I continue to advocate for the past

So a while back, Ezra Klein was accused, as an acting exercise, of being a "socialist" for backing state-provided health care. His response:
"We should stop running from that moniker," I chuckled. "If we're going to call what Canada, France, Germany, England, Japan, and essentially every -- actually, not essentially, just every -- other industrialized nation offers socialized health care, but they cover all of their citizens with better outcomes and lower costs than we do, then I'm happy to associate myself with that."
A perfectly rational response, but too, well, commie-pinko for some. Some, in this case, being Kevin Drum:
the basic answer to "Is national healthcare socialist?" should always be no, not yes. We are not in favor of command economies, ownership of the means of production, or state control of doctors, and that's what most people think of when you say "socialist."

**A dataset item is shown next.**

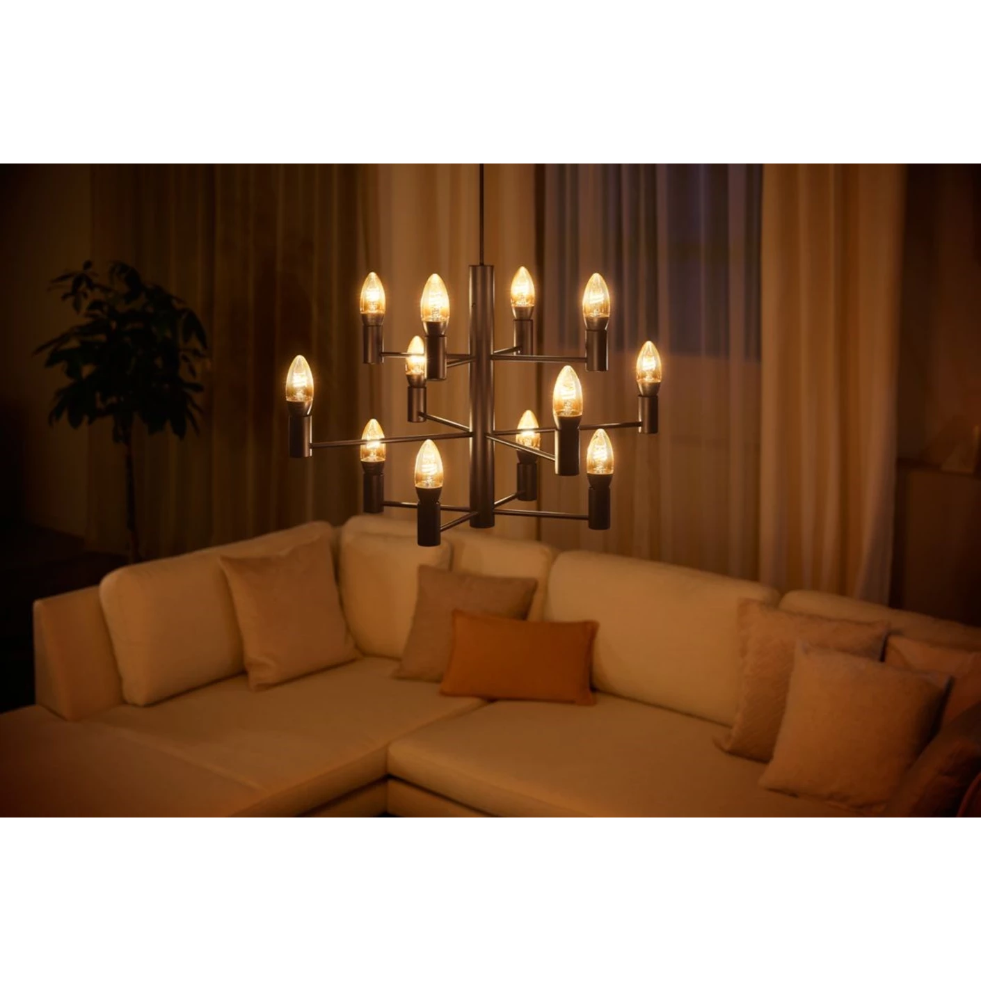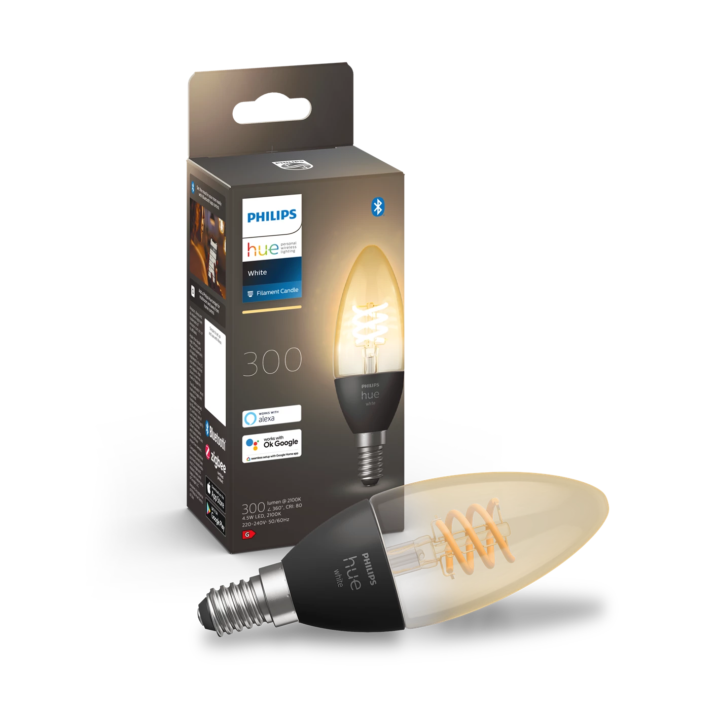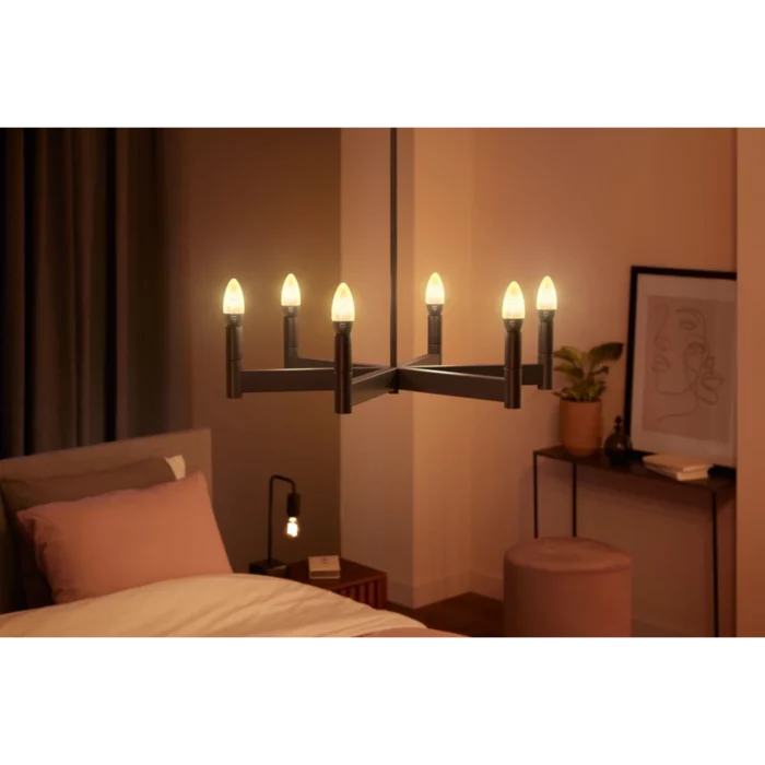 Den elegante pære er fremstillet i glas med et klassisk filament-design og passer perfekt i E14-fatninger. Den fungerer både via Bluetooth til direkte styring og Zigbee for mere avancerede funktioner gennem Hue Bridge, hvilket giver fleksibilitet og fremtidssikret smart belysning.

And that's Kevin's media training for the day.
The final (thus far) repartee in this debate comes, perhaps unintentionally, from Ezra Klein, who links to this article at Democracy with the following superlative review: "Well sign me up." What, pray tell, does Ezra want to be signed up for? ESOPs, or employee-owned corporations.

...wait a second! It turns out Ezra Klein is in favour of workers owning the means of production! Crap! What next!

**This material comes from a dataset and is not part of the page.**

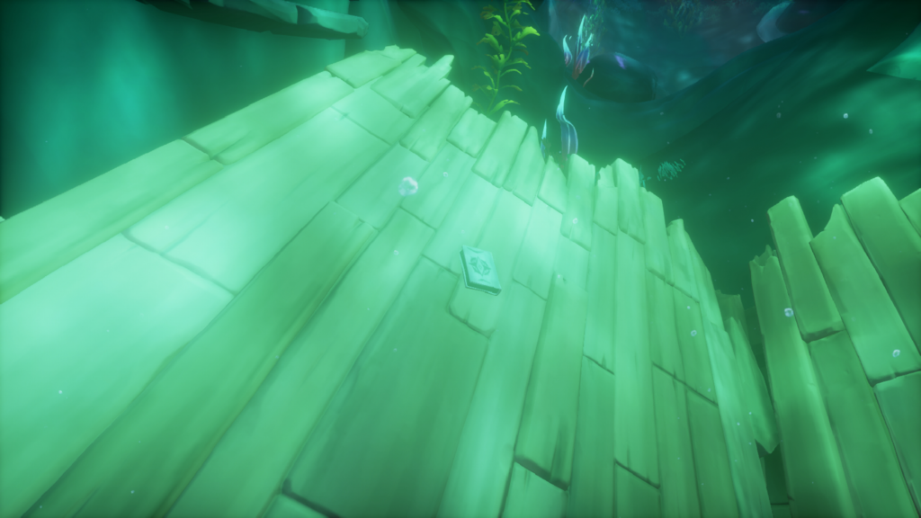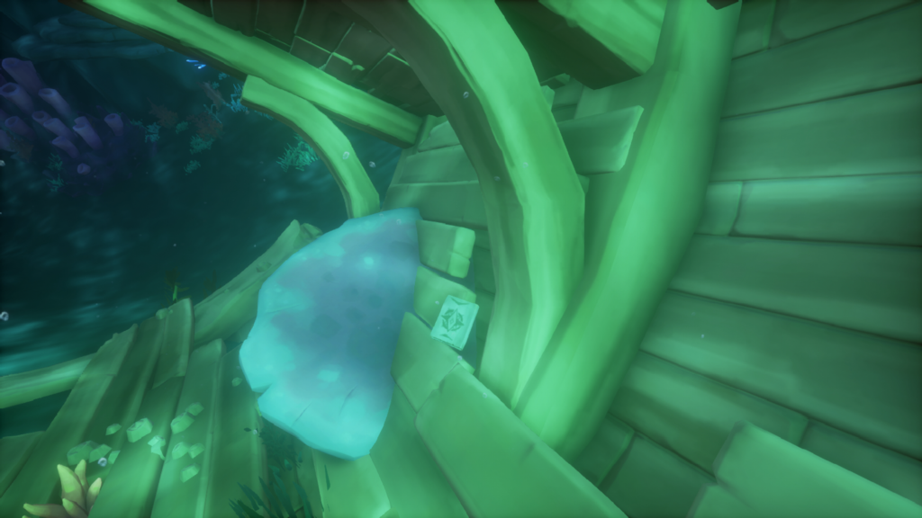 На месте разбросаны обломки, покрытые яркими кораллами. Ныряй и плыви вдоль обломков на глубину. Если по пути к световому столбу ты подберешь трезубец, не бери его с собой под воду — плыть с ним не удобно, а на месте где предстоит битва почти всегда можно будет найти новый.

Actually, the article that Ezra links to is even worse, from Kevin Drum's point of view - it advocates state intervention, and state-owned companies, in the private market at the municipal, state, and federal level, worker ownership of business, as well as government-guaranteed giveaways of several tens of thousands of dollars. In short, if you wanted to give Newt Gingrich a coronary, this would be it.

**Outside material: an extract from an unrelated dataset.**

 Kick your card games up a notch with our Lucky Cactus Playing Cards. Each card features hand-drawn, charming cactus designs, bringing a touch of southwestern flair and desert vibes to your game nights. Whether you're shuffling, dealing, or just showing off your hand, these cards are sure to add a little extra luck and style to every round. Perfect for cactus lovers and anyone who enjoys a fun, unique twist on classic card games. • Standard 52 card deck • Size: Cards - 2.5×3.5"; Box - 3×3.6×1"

Now we have a paradox: If you're at all serious about alleviating poverty and inequality in capitalist society, then the measures proposed in the article are a beginning, not the end. But they are, self-evidently, socialism. Worse yet, many of the policies go even further than that hotbed of Bolshevism, Sweden. Nevertheless, I happen to believe they would build a more efficient, stronger economy while addressing social ills. So how do we do it without freaking the norms?

2 comments:

Anonymous said...

There's a world of difference between some workers owning some of the means of production in a context which offers alternatives and in which worker-owned companies have to compete, and workers seizing the means of production and creating a state-run economy.

Anonymous said...

Another response to "Is national healthcare socialist?" is to ask "Is public education socialist?" -- seriously, it's hard for me to see how you could coherently make a case for public education but against public healthcare.